In December 2023, The New Jersey rock legends Screaming Females band announced their breakup on their social media pages, ending a brilliant 18-year run. The trio of guitarist/vocalist Marissa Paternoster, bassist “King” Mike Abbate, and drummer Jarrett Dougherty had started playing together in the New Brunswick DIY scene that orbited Rutgers University in the mid-2000s. They always kept a foot in that world, even as they became critical darlings and fixtures of the indie-rock touring circuit.

Their final album, 2023’s “Desire Pathway”, kicks nearly as much ass as anything that the band ever released.

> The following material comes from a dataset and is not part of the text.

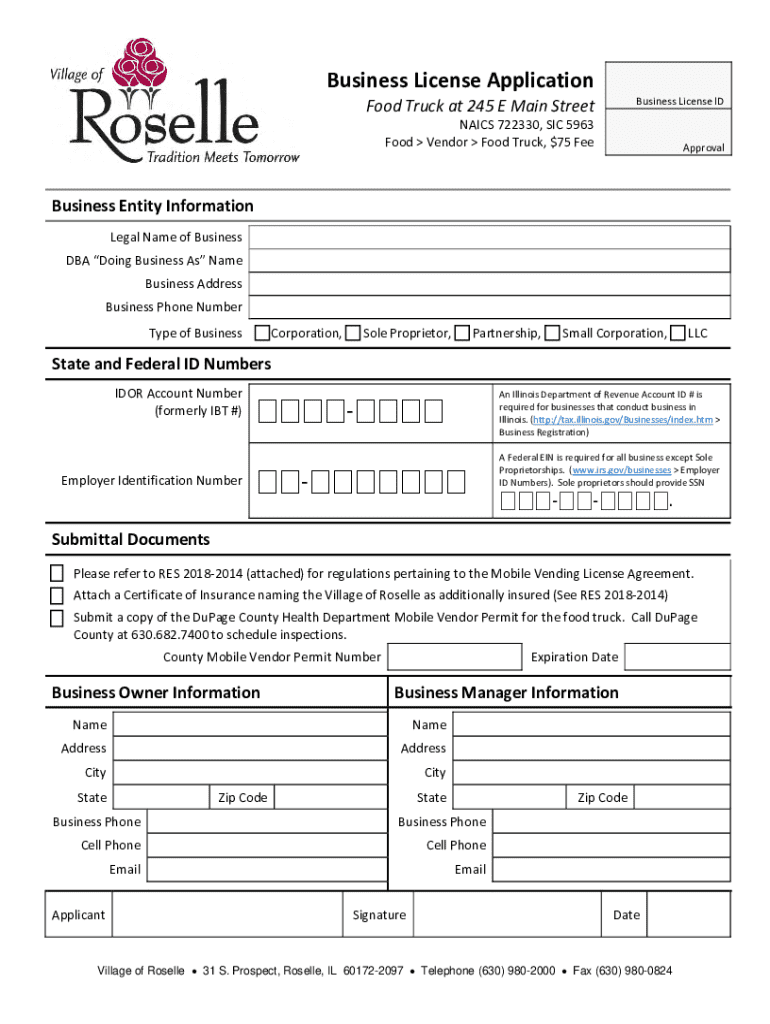This document serves as an application for a Business License specifically for a food truck operating at 245 E Main Street. It outlines the necessary business entity information, required documentation,

There’s been no announcement about a grand-finale show or anything like that, but we’re now getting one final recording from the band, and it stands as further evidence that they were an absolute wrecking ball until the very end. Screaming Females recorded the five songs on their newly released “Clover” EP during their “Desire Pathway” sessions. As with that album, the band laid those tracks down at Pachyderm Studios in Minnesota, the same place where Nirvana made In Utero and PJ Harvey made Rid Of Me.

Their producer was longtime collaborator Matt Bayles, who’s also worked with bands like Mastodon and Pearl Jam. The EP is an unexpected treat, and all five songs rock hard. “Violence And Anger”? . If Screaming Females ever decide to get back together, the “Clover” EP stands as evidence that they’ll still be in fighting form.